Pakistan has approved the Annual Delivery Plan (ADP) for 2026, enabling the diversion of 35 long-term LNG cargoes by Qatar and Italian firm ENI after months of uncertainty, The News reported.Â
The decision is aimed at easing the country’s mounting gas surplus and stabilising a transmission system under pressure from declining national demand.
As per report, Qatar will divert 24 of the 29 cargoes that Pakistan requested under the non-performance delivery (NPD) clause in its long-term supply contracts. Under this clause, if a diverted cargo sells above Pakistan’s term price, the profit goes to Qatar; if it sells below the term rate, Pakistan State Oil (PSO) must absorb the loss.
ENI will divert 11 cargoes under a separate negotiated settlement with Pakistan LNG Limited (PLL). Unlike Qatar’s mechanism, profit or loss on ENI’s diverted shipments will be shared between the two sides.
The government has decided that it will not absorb any losses on cargoes diverted under the NPD clause. Any shortfall from low international prices will instead be passed on to RLNG consumers, including power plants, export-oriented industries, the CNG sector, and domestic users receiving RLNG-based supplies.
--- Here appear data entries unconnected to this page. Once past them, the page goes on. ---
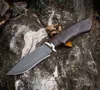 Нож Зевс из булатной стали, рукоять - стабилизированная карельская береза, кожаный чехол идет в комплекте.
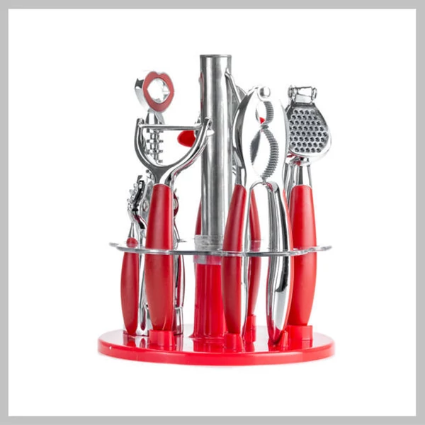 Ezekkel a rozsdamentes acélból és műanyagból készült konyhai eszközökkel garantált sikered lesz a konyhában, hiszen a gyártó összeválogatta neked a leghasznosabb konyhai kiegészítőket. A csomagban találsz egy darab diótörőt, egy darab fokhagymanyomót, egy darab dugóhúzót, egy darab konzervnyitót és egy darab zöldséghámozót. Tárolásáról az elegáns megjelenésű állvány gondoskodik, ami szép dísze lesz a konyhádnak.
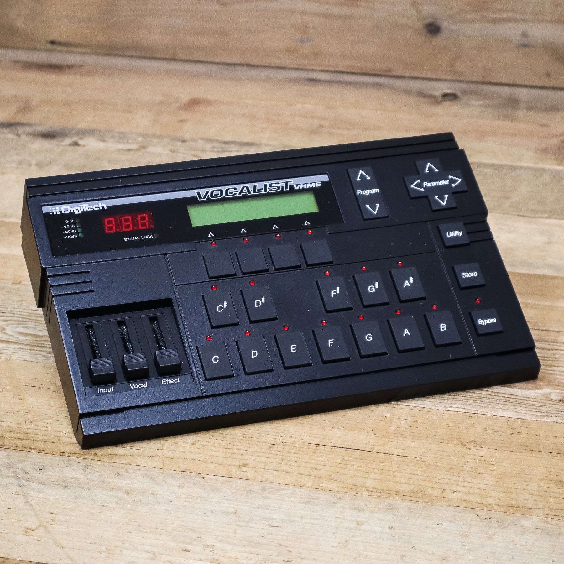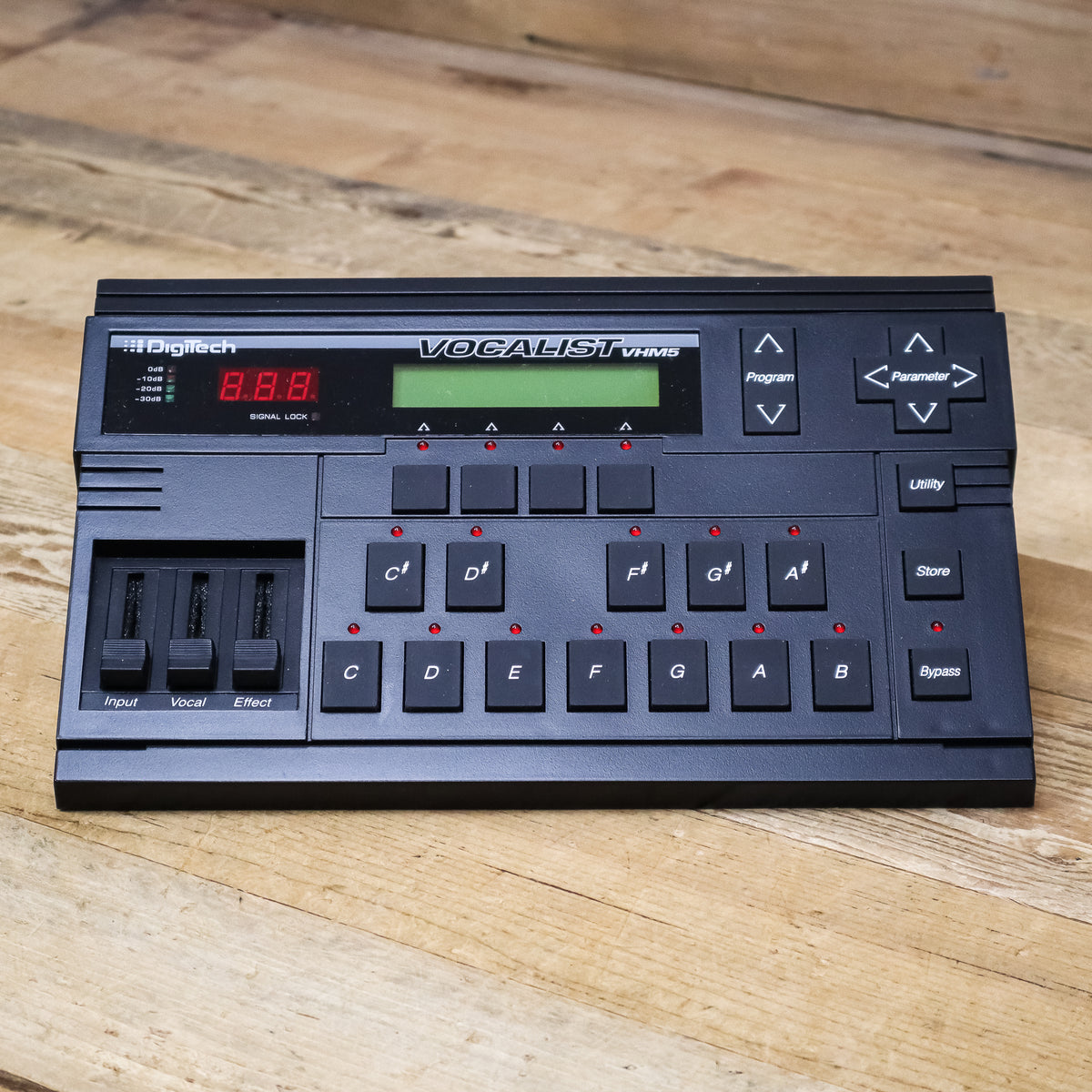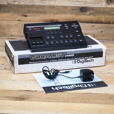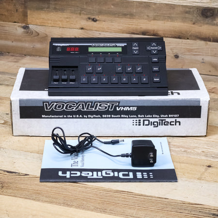 This used Digitech Vocalist VHM5 5-part Digital Vocal Harmony Processor comes with the Original Box, Manual, and a Power Adapter.
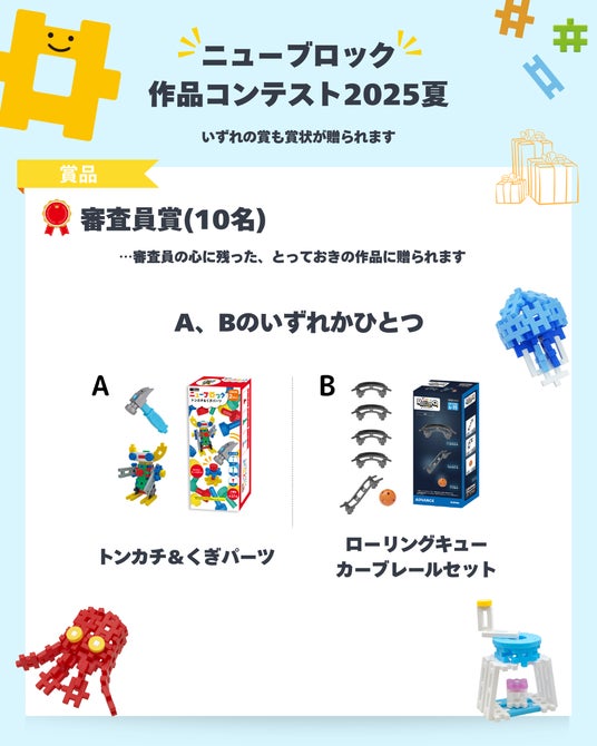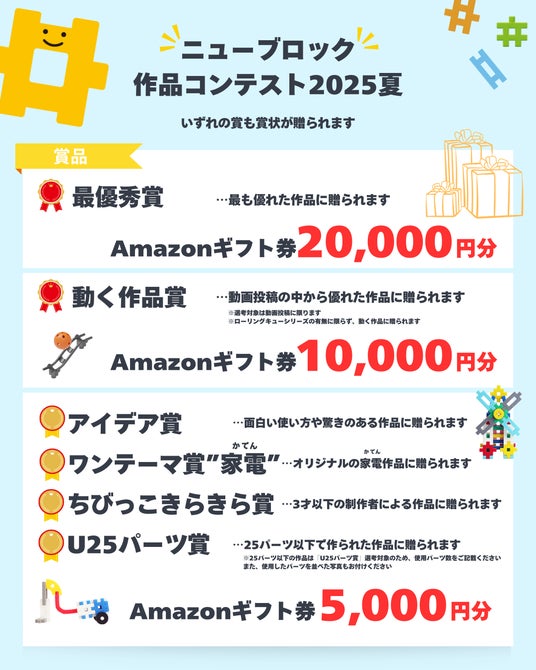 応募作品の中から、『最優秀賞』『動く作品賞』『アイデア賞』『ワンテーマ賞 "家電"』『ちびっこきらきら賞』『U25 パーツ賞』の6つの賞を各1作品ずつ、『審査員賞』を10作品選定し、賞状と賞品を授与します。コンテストの詳細はニューブロック公式サイトの特設ページ(ニューブロック作品コンテスト2025夏)をご覧ください。
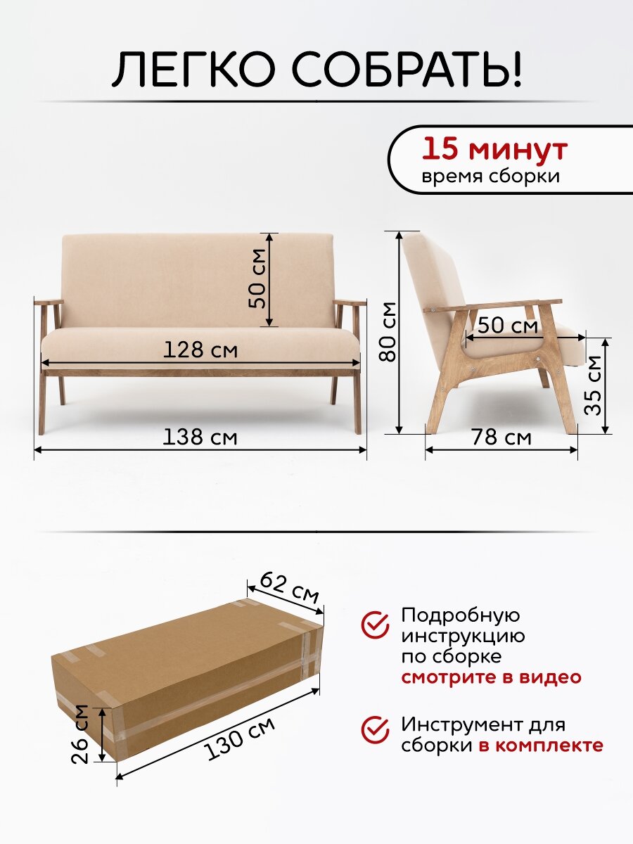 Диван ZASIDELIS релакс прямой на кухни, темно бежевый/натуральный, из велюра, 75x138x82 до 200 кг
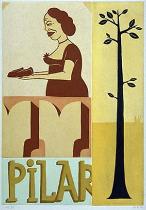 "Pilar," Margaret Kilgallen, 1999.When I got the email about Margaret, at first I thought it was a nasty joke. It was forwarded anonymously from the General Collections department at San Francisco Public Library; "Margaret Kilgallen of Preservation passed away early this morning, of complications from breast cancer, in the arms of her husband Barry and their newly born daughter, Asha." I was in France at the time, jet-lagged and checking my email on a very rickety computer; I managed to write another friend of Margaret's before the computer crashed, and I dissolved into hysterical sobs. "Did you send me this? I am in shock."

Officials said the combined diversions will still leave Pakistan with 13 surplus LNG cargoes in 2026, given an estimated fall of more than 400 mmcfd in national gas demand. Prior to securing these arrangements, authorities had been preparing for up to 48 surplus cargoes.
Based on an average term price of $30 million per shipment, Pakistan is expected to save around $1.05 billion in foreign exchange. The reduction in LNG inflows will also allow the system operator to re-inject more locally produced gas, which had been constrained by high line-pack pressures in the transmission network. Consumers will receive system gas at roughly Rs1,000 per mmbtu instead of costlier RLNG priced at around Rs3,500 per mmbtu. Curtailment is expected to fall from 310 mmcfd to about 100 mmcfd next year.
Despite weakened demand, Pakistan remains bound by long-term commitments requiring the import of 120 LNG cargoes annually—108 from Qatar and 12 from ENI.Â
In 2025 alone, 11 ENI cargoes have been diverted, saving $300 million in import costs and generating $45 million in shared profit. Another 11 diversions expected in 2026 could save $230 million and yield up to $50 million in additional gains. A further 10 diversions planned for 2027 are forecast to bring in another $290–300 million.